A list of songs I can remember being played include the Medley 2002 (which includes the FFI: Overworld theme and FFI: Matoya the Witch), FF IV: Battle with the Four Fiends, FF VIII: Eyes On Me, The Final Fantasy Victory Theme, FF VI: The Phantom Forest, FF X: To Zanarkand, FF XII: Kiss Me Good-bye, FF VII: Opening - Bombing Mission, FF VII: Aerith's Theme, FF XI: Vana'diel March Medley, FF VIII: Man with the Machine Gun, FF IX: Melodies of Life, FF V's Main Theme: Ahead on our way, FF VIII: Don't be Afraid, A Chocobo Medley that included what I think was Mambo de Chocobo, an amazing new Battle Medley that included Clash on the Big Bridge, Fight With Seymour, and FF VII's Battle Theme (Which Arnie called Still More Fighting), and the Final Fantasy Main Theme (the Credits roll).

Highlights for the evening included first class performances by Susan Calloway (the singer songwriter who Nobuo Uematsu personally hand picked to work with), a completely unexpected arpeggio added to the Phantom Forest, and the entire battle medley (which was amazing). In one of the most beautiful songs of the evening Nobuo Uematsu himself came on stage to play keyboard as Arnie Roth played lead violin for what we were told was the world premiere of Distant Worlds' FFVI: Dark World. It was hauntingly powerful and it's the only rendition of the song I've ever heard outside the game. Another pleasant surprise was an encore of One Winged Angel where Arnie informed us that they didn't have a choir so the audience would get to sing lyrics with Uematsu himself! It was a larger than life moment where not everyone was sure if he was joking or serious. It wasn't until the end of the first chorus that most people actually started singing but the underlying message was clear... Distant Worlds would not have been possible without the support of the people in the audience, or the greater audience that's supported Square Enix's fantastic franchise, Final Fantasy. There was a lot of excitement in the room (two people got engaged during the show, earning a cool thumbs up from Arnie), and though those present were from many walks of life we all shared in a common interest, a passion for the music of Nobuo Uematsu.

Myself and Kaitlin
with Susan, Arnie, and Uematsu
Sitting so close to the performers I was able to occasionally hear Arnie humming parts of the songs aloud, see the growing of a subtle grin on the face of the coordinator (the gentleman with the violin) each time the audience cheered, the sound of Nobuo Uematsu solo-whistling the Victory Theme, and the words that were spoken that didn't reach the microphone. Words of congratulations between Arnie, Susan, Uematsu, and the coordinator. Words of thanks to the audience that never reached the microphone.
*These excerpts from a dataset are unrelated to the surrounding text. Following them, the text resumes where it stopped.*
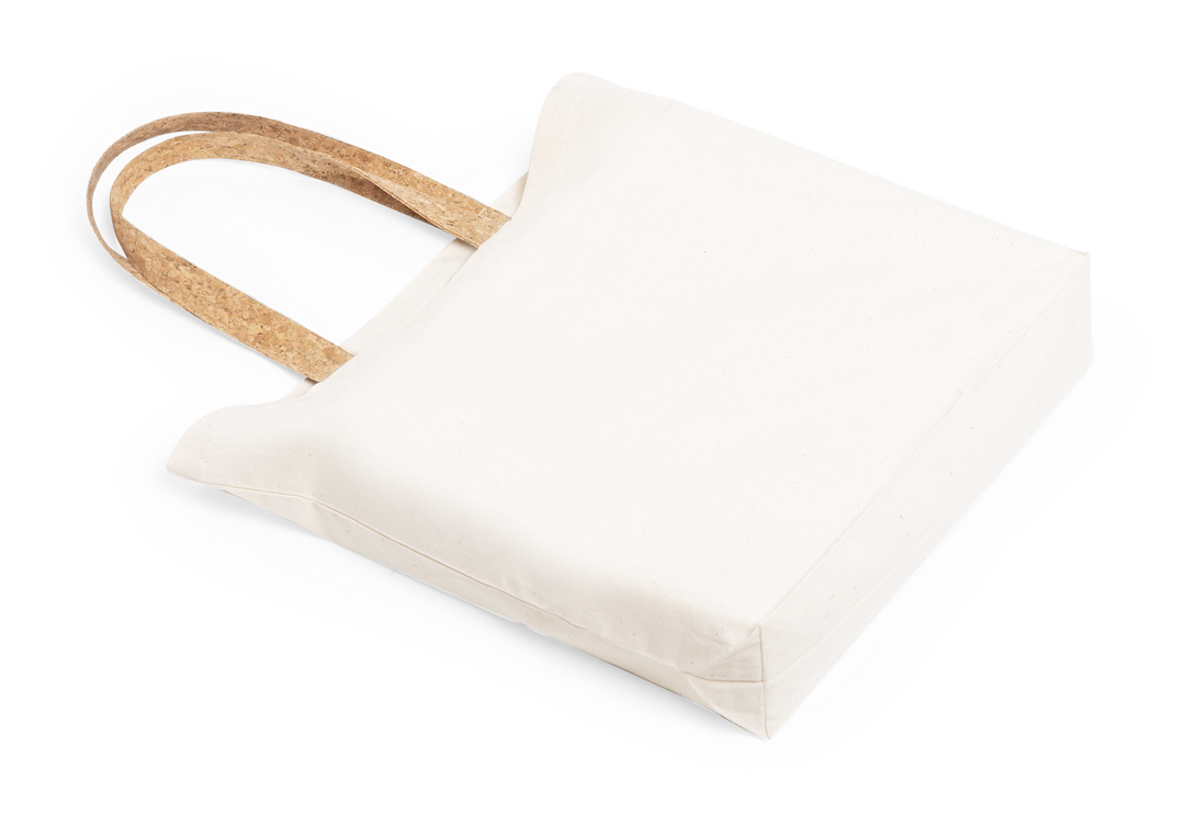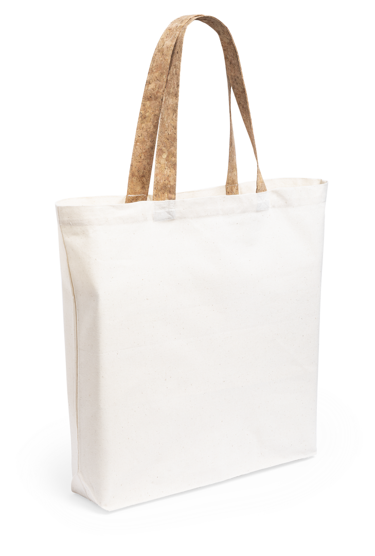 Bolsa de línea nature en resistente algodón de 180g/m2 y originales asas en corcho natural de 53cm reforzadas. Acabado cosido y resistencia hasta 8kg de peso.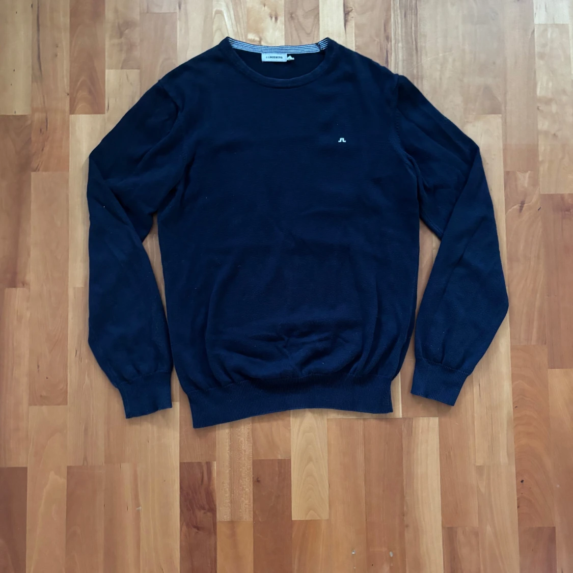 Klassisk mörkblå tröja från J.Lindeberg i storlek S. Tröjan har rund halsringning, diskret logga på bröstet och ribbade muddar vid ärmslut och nederkant. Perfekt för en stilren och enkel look.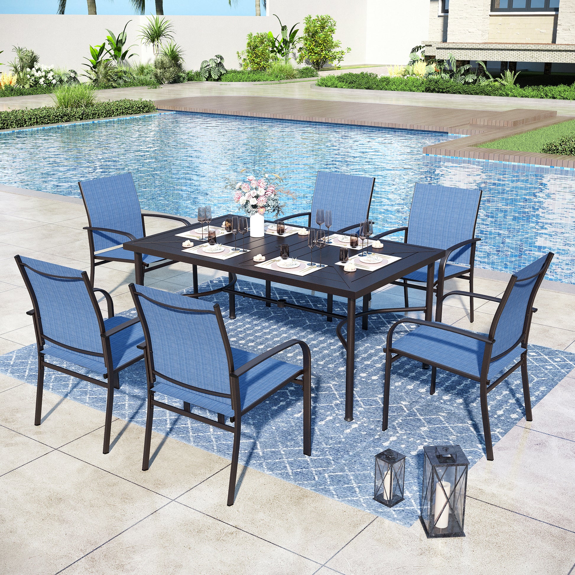 Captiva Designs 7pc Outdoor Patio Geometric Pattern Rectangular Steel Dining Table & Sling Fixed Chairs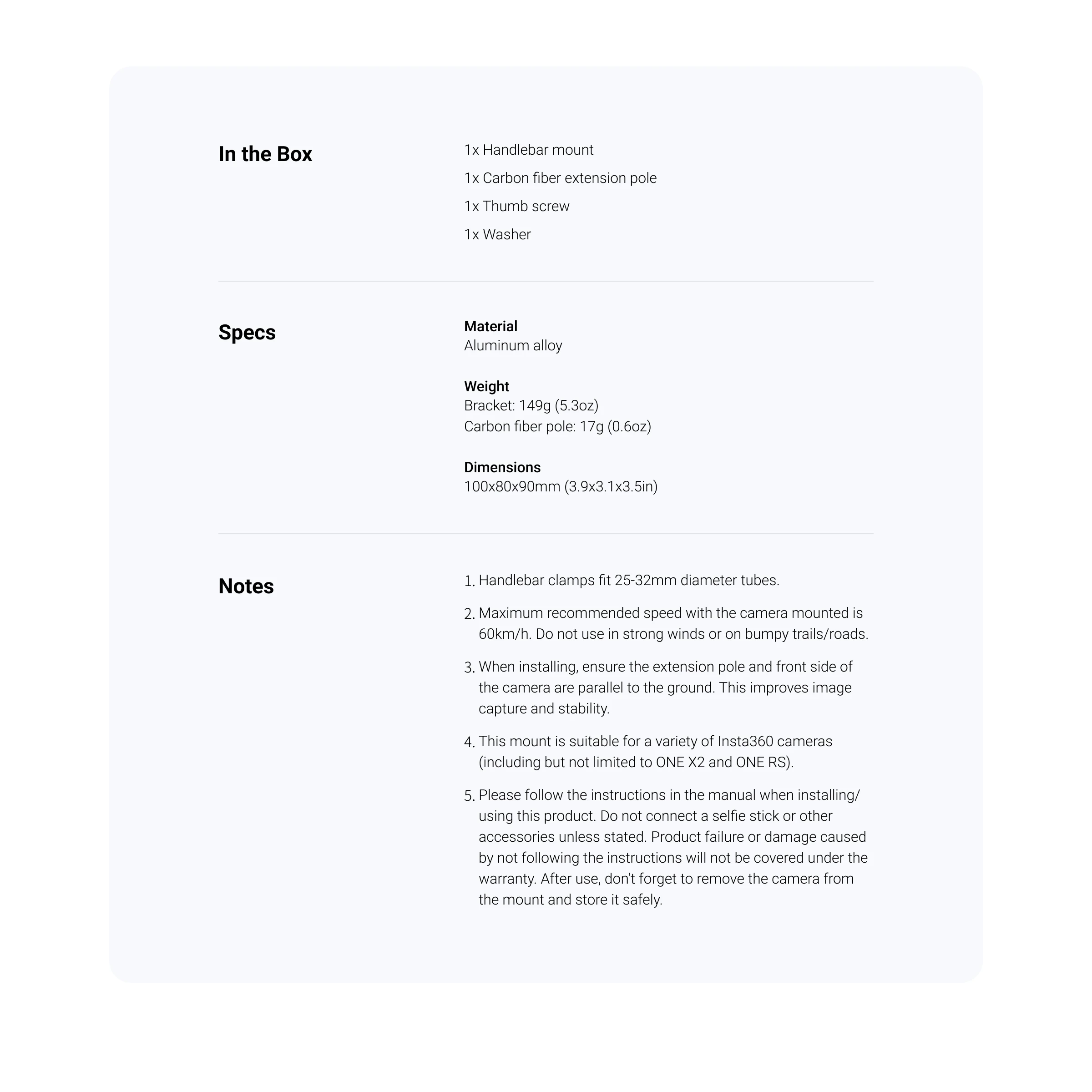 Accesorios Insta360 X5|Soporte Manillar Bici|Compatibilidad amplia:Compatible con Insta360 X5/X4/X3 y ONE RS/X2, ideal para una variedad de cámaras. Accesorios adicionales : Incluye dos puntos de conexión adicionales para ampliar la funcionalidad de su soporte para Insta360. Bicicleta Persona|Compatibilidad amplia:Soporte para Insta360 X3, X4, X5 y ONE RS, ideal para diversas cámaras 360°. Bicicleta Persona|Soporte Para Camara Insta360|Compatibilidad amplia:Apto para Insta360 ONE X2/X/R/RS, asegura una amplia gama de cámaras 360°. Capturas de tercera persona : Optimizado para ONE X2 y ONE RS, ofrece fotos de ciclismo únicas. |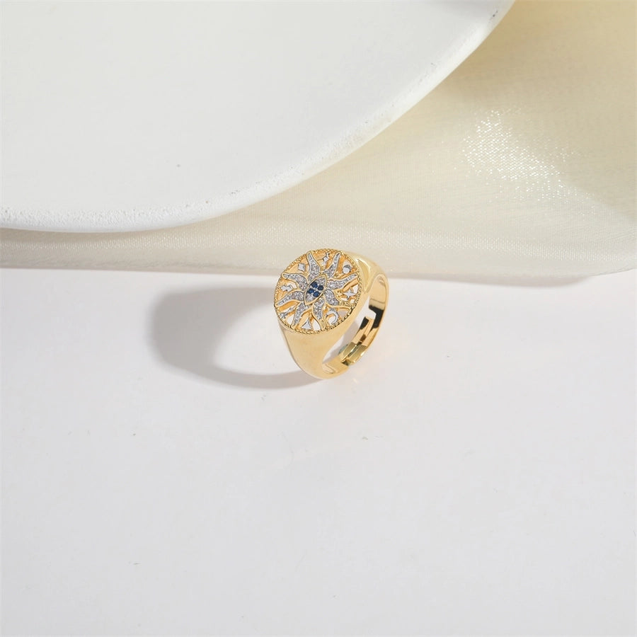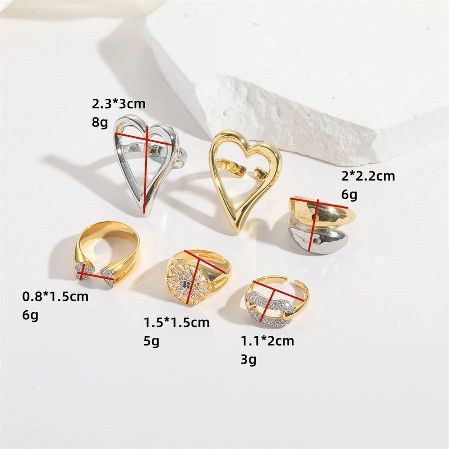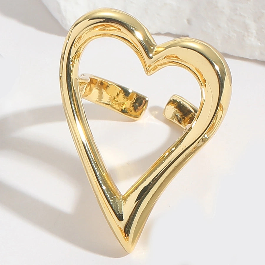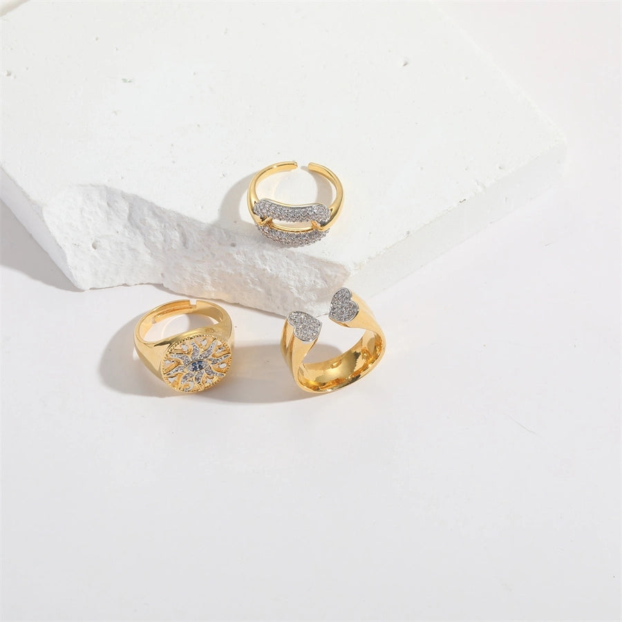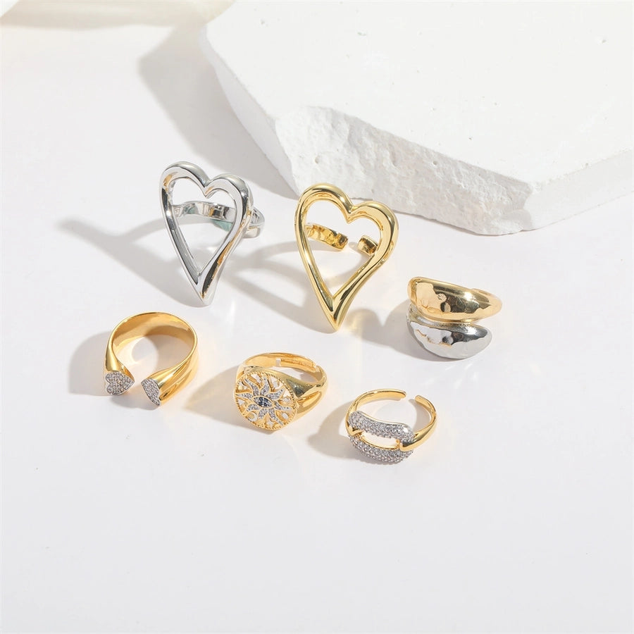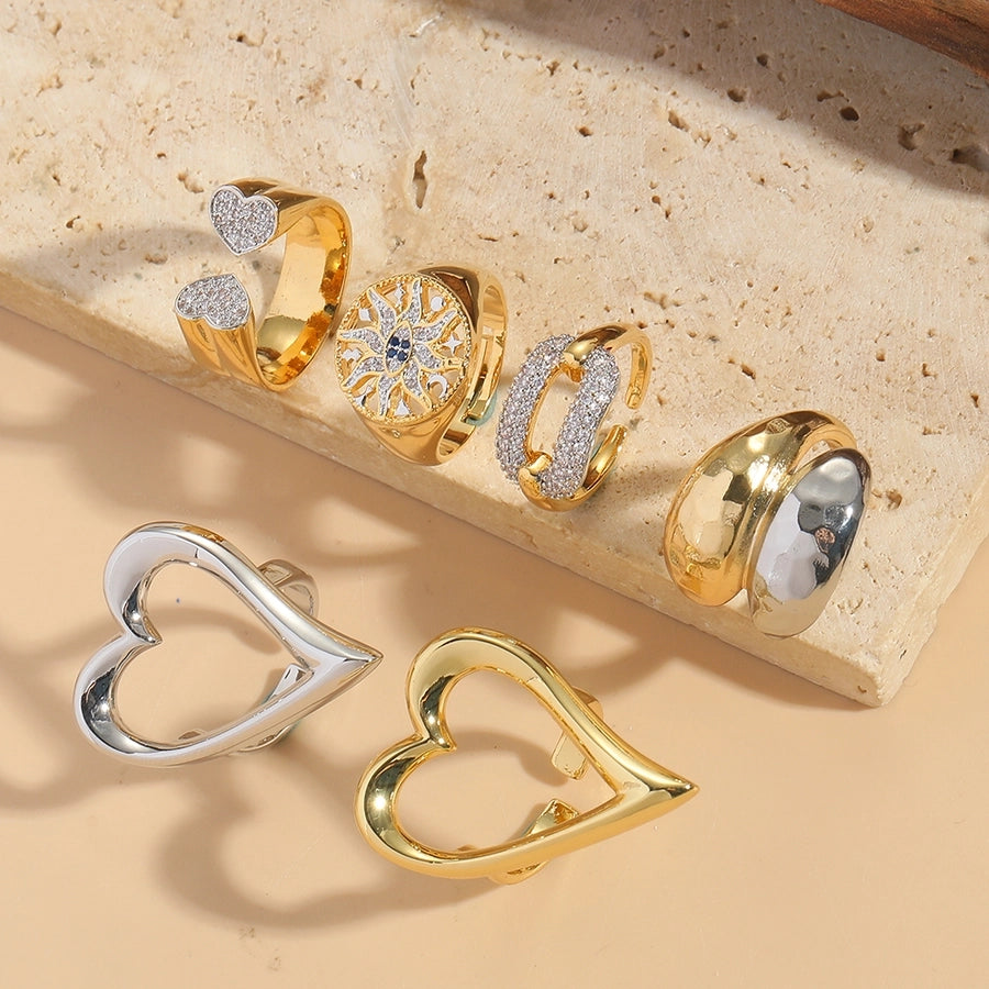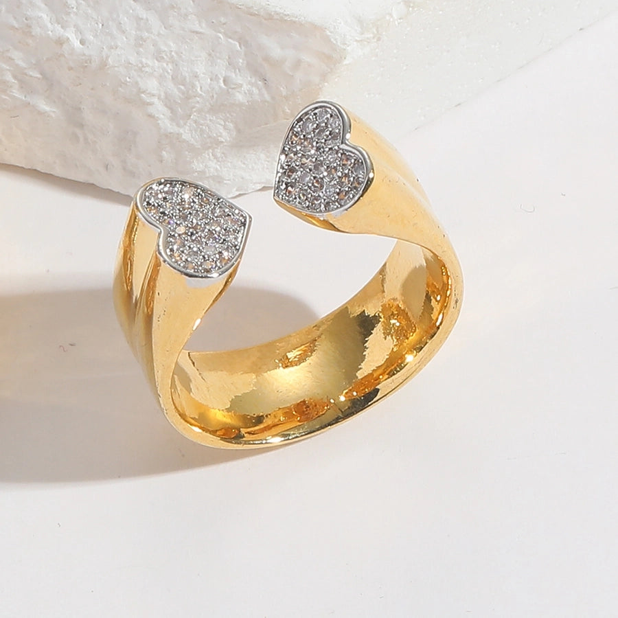 Copper 14K Gold Plated Hollow Out Inlay Heart Shape Zircon Open Rings

Kaitlin and I were able to meet and congratulate the trio after the concert, still glowing with joy (which is amazing considering Arnie had been conducting for over two hours!). They signed our CD's, took a picture with us, and thanked us for coming to see the show. Having an appreciation for what Arnie had put together, for Susan's talent, and for Uematsu's profound influence on my life, I wanted to say more but I completely choked up upon meeting them and instead of "thank you for one of the best nights of my life" I was only able to get out the words "thank you." Before I knew it, we were already out the door, back in the car, back on the highway, and back home. Distant Worlds Miami was an experience I will never forget and one that I hope many more people will get to enjoy.